A founder asked me last month: “How do I evaluate an AI agency without already being a CTO?”
She had three proposals on her desk. Two from US agencies at $80K each, one from an offshore team at $25K. The pitches sounded similar. The case studies sounded similar. The websites looked similar. She’d been told to compare on price, hours, and timeline. She had no idea which one would actually deliver.
I gave her seven questions. They came from running our agency, hiring at HackerRank, building infrastructure at Google, and being on the buying side, because I’ve evaluated agencies for projects I didn’t have time to do myself. The questions take about 30 minutes per agency to ask. They disqualified two of her three options before she got to pricing.
She picked the third one. Six weeks later it shipped.
This post is that checklist. Run it on every AI agency you evaluate, including us. The point is to make a bad fit visible in week one, not month two.
Why Most Agency Evaluations Go Wrong
Founders default to evaluating AI agencies the way they evaluate web dev agencies. That worked fine in 2018. It does not work in 2026.
In a web dev project, the deliverable is mostly known. You can compare React vs Vue, point estimates vs hourly rates, US team vs offshore. The execution risk is bounded. Most competent teams will produce something usable.
AI projects don’t have that property. The same prompt to the same model on the same day produces different output for different teams, because the surrounding architecture (eval pipeline, retry logic, structured output handling, prompt versioning, monitoring) determines whether the product is reliable or merely “works on the demo.” Two agencies can ship the “same” feature where one quietly fails on 10% of inputs and the other does not. The difference is invisible until production.
That is why the marketing-quality questions (“Show us your portfolio,” “What’s your team size,” “What’s your hourly rate”) fail. They cannot detect the difference. The questions in this post can. (And if you’re earlier in the process and still deciding between an AI agency vs AI product studio vs freelancers, that comparison is worth reading first.)
The Seven Questions
Question 1: Show Me Production Code from Your Last Build
Not a slide deck.
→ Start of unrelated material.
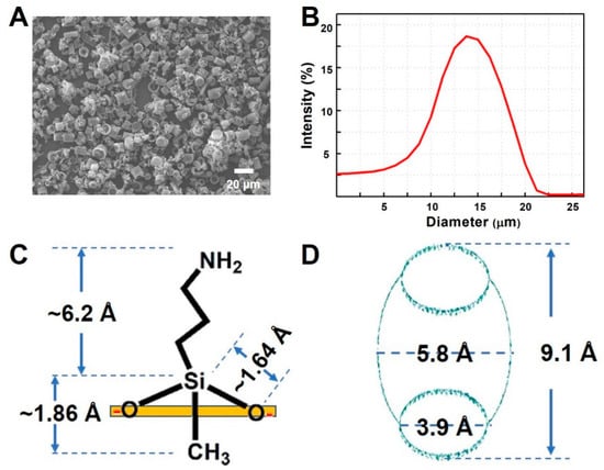 As we reported in our previous study, cucurbituril-based diatom composites (CB–DA) exhibit a strong host–guest interaction that supports molecular encapsulation [11]. An efficient method for fabricating CB–DA to diagnose pathogen is proposed in this study. By examining the DE using scanning electron microscopy (SEM) (JEOL JSM-7500F, Tokyo, Japan) and dynamic light scattering (DLS) (DynaPro NanoStar, Wyatt), we confirmed that the size of the DE particles was well distributed between 10 and 20 μm—an appropriate size range for this project (Figure 1A,B). APTES (3-aminopropyl-triethoxysilane)-modified DE (also known as DA) has an enhanced pathogen enrichment property [11]. Here, we focus on DE surface medication with the similar chemical of diethyl amino polydimethylsiloxane (3-aminopropyl-methyl-diethoxysilane (APDMS)) [12]. The structural formula of APDMS is shown in Figure 1C, and the chain length of the organic amino compound can be seen. A diagram of cucurbit[6]uril [18,19] with a portal diameter of 3.9 Å, a cavity diameter of 5.8 Å, and a height of 9.1 Å is shown in Figure 1D.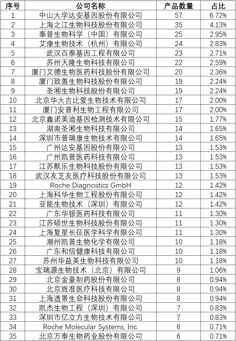 NMPA共批准了31款试剂盒,境内产品占主要,具体数据见图15,涉及17家公司,具体数据见表6。这31款产品中有30款是病原微生物检测相关试剂,这也符合其技术特点。

Not a case study. Actual code. Either a public repo, a sanitized internal one, or a screen-share where they walk you through their last LLM application.
What you’re testing: whether they’ve shipped AI to production at all.
A good answer: they pull up a repo or screen-share within 24 hours. They show you prompt versioning, the eval pipeline, the retry/fallback logic for when the model returns something unparseable, and the monitoring setup. They use words like “we hit this issue in production” in past tense, with a specific failure they fixed.
A bad answer: they describe the project at a high level. They mention the libraries they used (LangChain, OpenAI, etc.) but can’t pull up the file where the prompt is defined. They show you the front-end demo. When you ask about evaluation, they say “the client tested it.”
In our experience, a meaningful share of AI agencies fail this question. They have a chatbot demo on their site, but they haven’t actually shipped a system that handles real production traffic. Move on.
Question 2: The Failed Project Test
“Walk me through your last failed project.”
This is the single most diagnostic question on the list. Anyone who has shipped AI to multiple clients has had a failure. The willingness to talk about it tells you everything.
What you’re testing: maturity, honesty, and learning loop.
A good answer: they describe a specific project, what went wrong, what they did to fix it, what they’d do differently. The story is uncomfortable to tell. They tell it anyway. Bonus signal: they refer to the client by industry rather than name (NDA discipline). Extra bonus: they describe a project they refunded or a contract they ended early.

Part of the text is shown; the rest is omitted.